◆ Directions for this task ◆
In the entries below, find the line containing "1 декабря 2024" and the line containing "本文作为 WizTelemetry 可观测平台系列解读". Copy those two lines and everything between them exactly, without the pictures.

◆ Material supplied ◆

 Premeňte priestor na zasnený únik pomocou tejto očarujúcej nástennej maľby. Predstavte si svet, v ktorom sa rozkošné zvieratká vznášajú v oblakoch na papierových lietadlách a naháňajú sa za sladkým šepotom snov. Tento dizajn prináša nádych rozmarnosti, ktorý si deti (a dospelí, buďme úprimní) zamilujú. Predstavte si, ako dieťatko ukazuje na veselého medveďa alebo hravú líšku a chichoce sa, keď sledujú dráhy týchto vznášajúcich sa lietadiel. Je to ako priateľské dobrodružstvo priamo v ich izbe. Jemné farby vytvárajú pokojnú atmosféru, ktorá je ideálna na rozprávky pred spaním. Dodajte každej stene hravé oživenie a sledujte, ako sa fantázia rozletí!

--

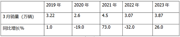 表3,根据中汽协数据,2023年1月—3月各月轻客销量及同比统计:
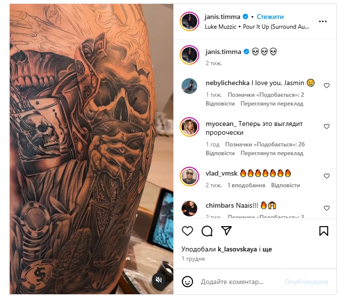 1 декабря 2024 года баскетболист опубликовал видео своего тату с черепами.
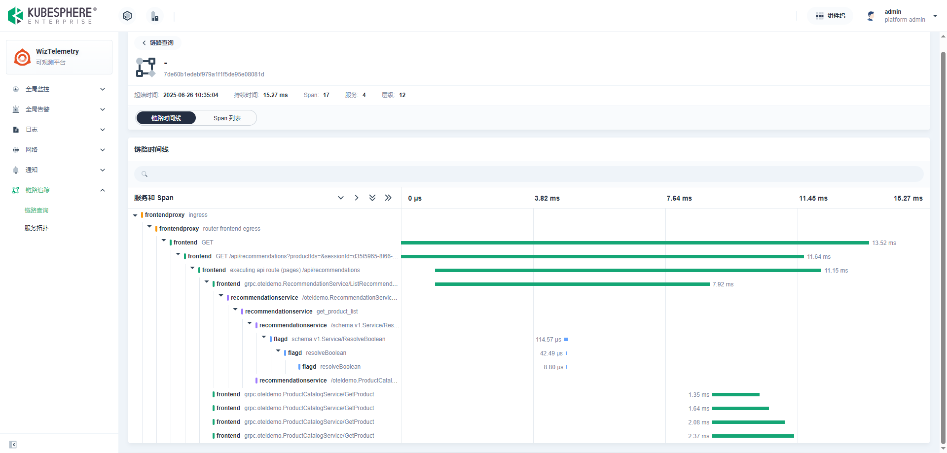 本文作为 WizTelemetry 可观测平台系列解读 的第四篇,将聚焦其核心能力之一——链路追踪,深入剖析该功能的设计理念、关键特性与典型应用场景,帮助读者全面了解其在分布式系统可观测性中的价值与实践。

◆ Solution to the problem ◆
 1 декабря 2024 года баскетболист опубликовал видео своего тату с черепами.
 本文作为 WizTelemetry 可观测平台系列解读 的第四篇,将聚焦其核心能力之一——链路追踪,深入剖析该功能的设计理念、关键特性与典型应用场景,帮助读者全面了解其在分布式系统可观测性中的价值与实践。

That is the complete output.